D.M. : En matière de travail, le programme du NFP aborde les principales questions : il remet au centre des préoccupations les conditions de travail – dont on a vu récemment qu’elle constituait un véritable point noir en France, quel que soit le déni que ces résultats provoquent chez certains responsables – en proposant de remettre en vigueur les critères de pénibilité supprimés par les ordonnances de 2017, en diminuant la durée de travail pour ceux qui ont des métiers pénibles, en remettant en action les CHSCT et en reconnaissant le burn-out comme maladie professionnelle.
Vous avez très longtemps défendu la réduction du temps de travail. Viser « le rétablissement de la durée hebdomadaire du travail à 35 heures » et « le passage aux 32 heures dans les métiers pénibles » vous semble-t-il un objectif atteignable ?
Si nous nous engageons vraiment dans la reconversion écologique de nos économies, nous aurons besoin de plus de travail humain
D.M. : J’ai un peu évolué sur la question de la réduction du temps de travail. Je pense en effet que si nous nous engageons vraiment dans la reconversion écologique de nos économies, nous aurons besoin de plus de travail humain. Pensons à l’agriculture biologique qui nécessite plus de travail que l’agriculture conventionnelle : moins de pesticides, moins de machines consommatrices d’énergie et génératrices d’émissions de gaz à effet de serre.
Nous devrons être suffisamment malins pour répartir ce volume de travail sur l’ensemble de la population active. Est-ce que cela signifie que chacun sera à 32 heures ou à 35 heures ? Non. De toute façon, il faut garder la durée légale à 35 heures. L’essentiel, c’est de permettre à toutes celles et ceux qui sont exclus de l’emploi d’y revenir. Non pas en leur coupant les vivres mais en leur permettant d’acquérir les qualifications nécessaires.
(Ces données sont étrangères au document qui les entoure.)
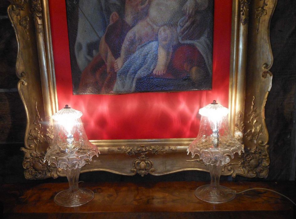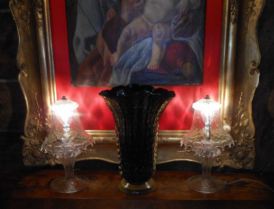 Coppia di lumette degli anni Quaranta eseguite a Murano (Venezia) con la Tecnica a cabochon. Particolarmente eleganti e ben proporzionate.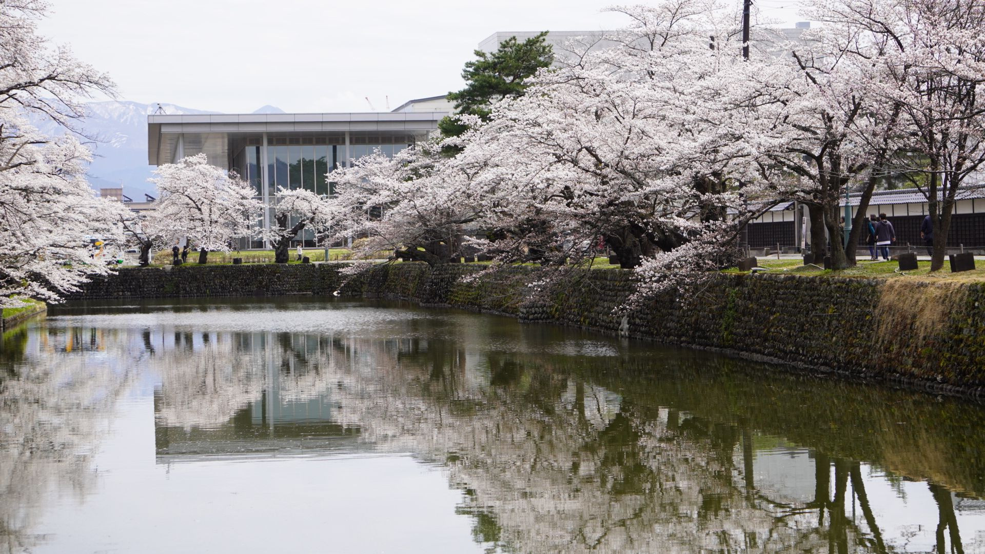 上杉神社のお堀で撮影した写真です。水面にうつる桜も綺麗に咲いていました。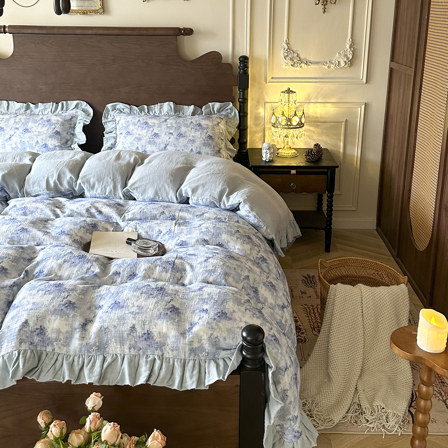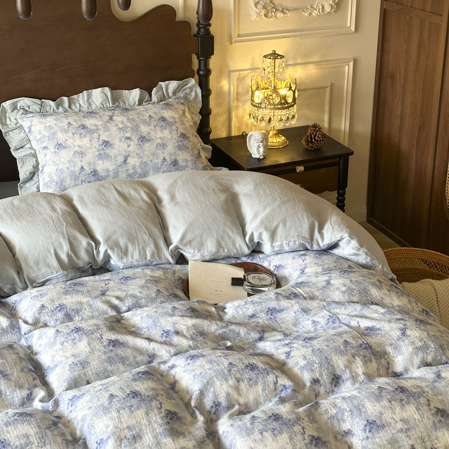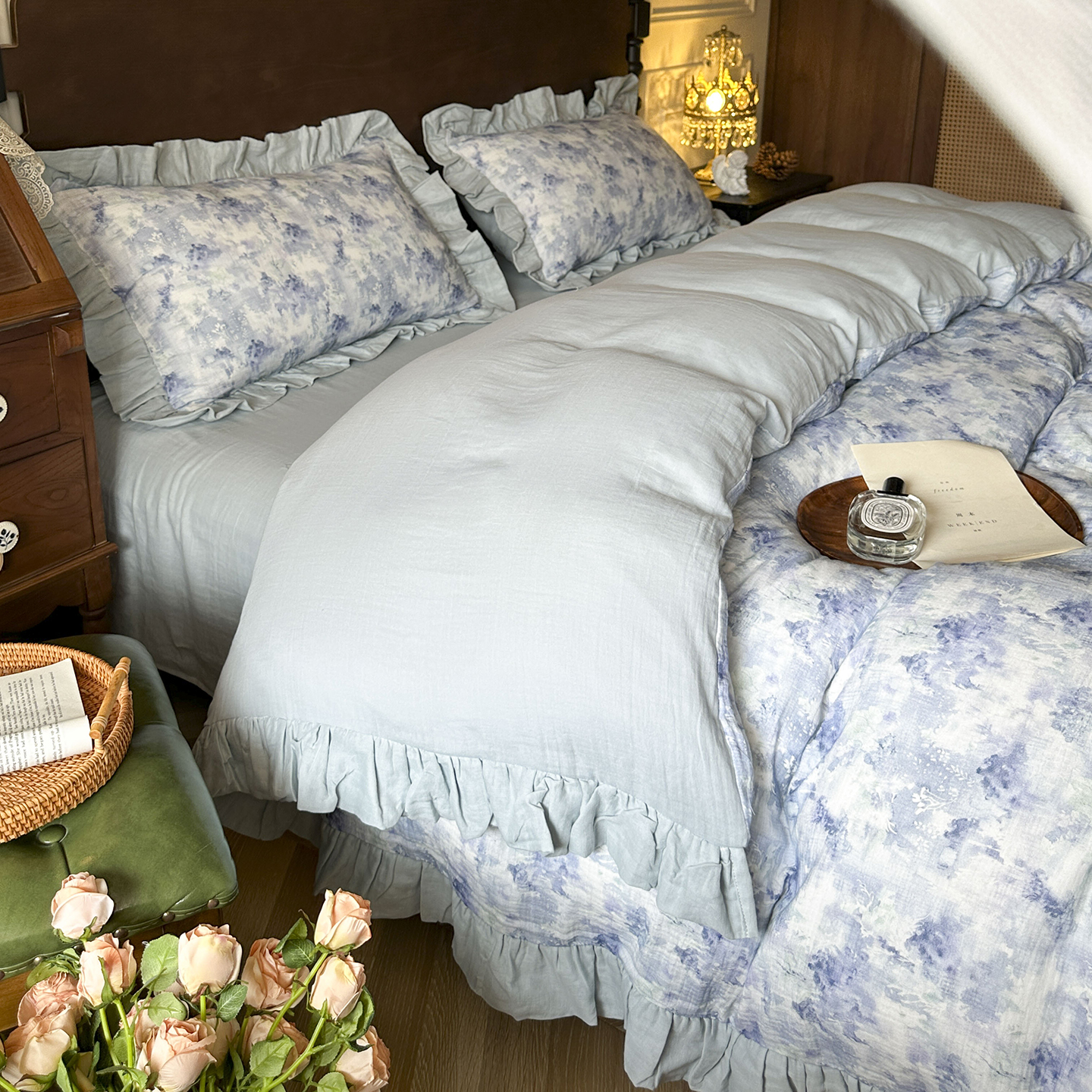 (总)多乐娜 2025新款法式纯棉双层纱皱皱纱花边款新疆长绒棉双层纱绉纱数码印花四件套-暮雨烟场景二【(会员-20)控价298/318起(券后!!)务必控价谢谢配合】

Et dans tous les cas, oui, on doit s’intéresser à celles et ceux qui ont de très longues heures de travail, ainsi qu’à celles et ceux qui ont des métiers pénibles.
Alors bien sûr tout n’est pas traité. Certaines questions ne sont pas évoquées, certaines propositions pourront sembler aller trop loin ou pas assez. Mais disons-le, cela faisait longtemps qu’un programme aussi cohérent et aussi clairvoyant sur les défis que doit affronter l’Europe, n’avait pas été proposé. Paradoxalement, ce qui s’annonçait comme une catastrophe pourrait bien être le début d’une reconversion réussie.